Atomwise AI

Atomwise AI

Atomwise AI leverages its proprietary AtomNet® platform to accelerate small-molecule drug discovery with deep convolutional neural networks, enabling efficient virtual screening and optimization of a library of over 16 billion compounds.
AI drug discoveryAtomNet platformvirtual screening of compoundssmall-molecule drug designdeep learning in drug discoverytarget binding prediction

Features of Atomwise AI

Based on the AtomNet® deep convolutional neural network, it accurately predicts interactions between small molecules and protein targets.
Capable of efficiently screening a virtual library containing more than 16 billion compounds, shortening the early discovery timeline from years to weeks.
Able to tackle hard-to-drug targets with limited structural data, expanding the frontier of drug discovery.
Validated through the AIMS program to achieve about 74% screening accuracy, with continued discovery of structurally novel compounds.
Supports the full early-stage drug discovery workflow from virtual screening to lead optimization and drug repurposing.

Use Cases of Atomwise AI

Pharmaceutical companies use it during the early drug discovery stage to rapidly screen large chemical libraries for promising lead compounds.
Research institutions use it to design new drug molecules for targets that lack crystal structures or are difficult for traditional methods to handle.
Biotech companies seek AI solutions to reduce R&D costs and accelerate programs, as an alternative to traditional experimental high-throughput screening.
Academic laboratories use the AIMS program to conduct large-scale, low-cost virtual screening validation studies for specific disease targets.
When responding to emerging public health events (e.g., Ebola), there is a need to identify potential therapeutic candidate molecules in an extremely short timeframe.

FAQ about Atomwise AI

QWhat is Atomwise AI?

Atomwise AI is an AI-powered biopharma company focused on accelerating small-molecule drug discovery and design using artificial intelligence, especially deep convolutional neural networks, with its core being the proprietary AtomNet® platform.

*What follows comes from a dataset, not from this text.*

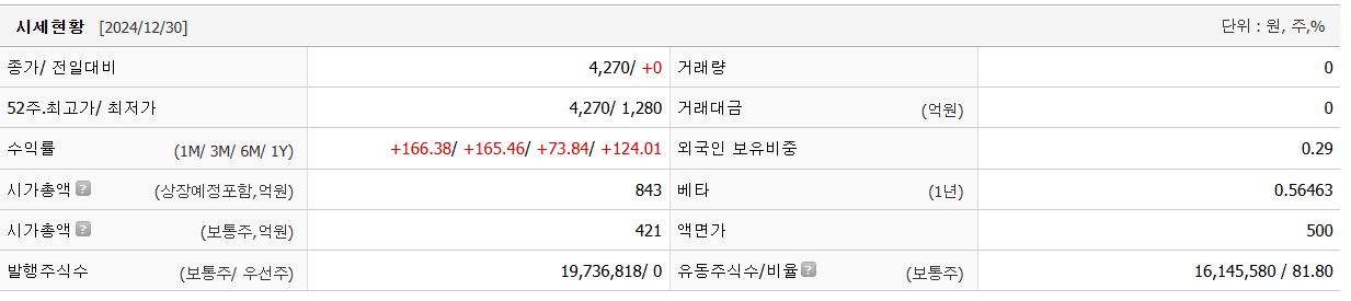 시가 총액과 장중 거래량을 살펴봐야 단기 포트폴리오를 잘 구성할 수 있습니다. 한국첨단소재의 시가 총액은 548억 원이며 장중 거래량은 0원 을 기록했습니다. 대주주의 정보는 중요하지 않을 수 있지만 장기적인 관점에서는 확인하는 것이 좋겠습니다.

QWhat can the AtomNet platform mainly do?

The AtomNet platform can simulate molecular structures and predict the binding affinity between small molecules and protein targets, enabling efficient and accurate screening of virtual libraries containing hundreds of billions of compounds to identify promising drug candidate molecules.

QWhat are the advantages of using Atomwise AI for drug discovery?

The main advantages are dramatically improved screening efficiency and breadth, shortening the traditional multi-year early discovery timeline to weeks, exploring a broader chemical space, addressing difficult-to-drug targets, and reducing R&D costs.

QIn which disease areas is Atomwise AI technology applied?

Its technology has been applied across oncology, neurological disorders, rare diseases, immune and inflammatory diseases, among others, and it collaborates with multiple pharmaceutical companies and academic institutions on related target research.

QHow accurate is Atomwise AI's virtual screening?

According to validation data from its AIMS program, the AtomNet platform can screen targets with about 74% accuracy and continually discovers structurally novel compounds, serving as a viable alternative to traditional experimental screening.

QHow to collaborate with Atomwise AI?

Atomwise AI has established broad collaborations with major pharmaceutical and biotech companies and leading research universities worldwide; academic institutions can apply for targeted virtual screening studies through the AIMS program.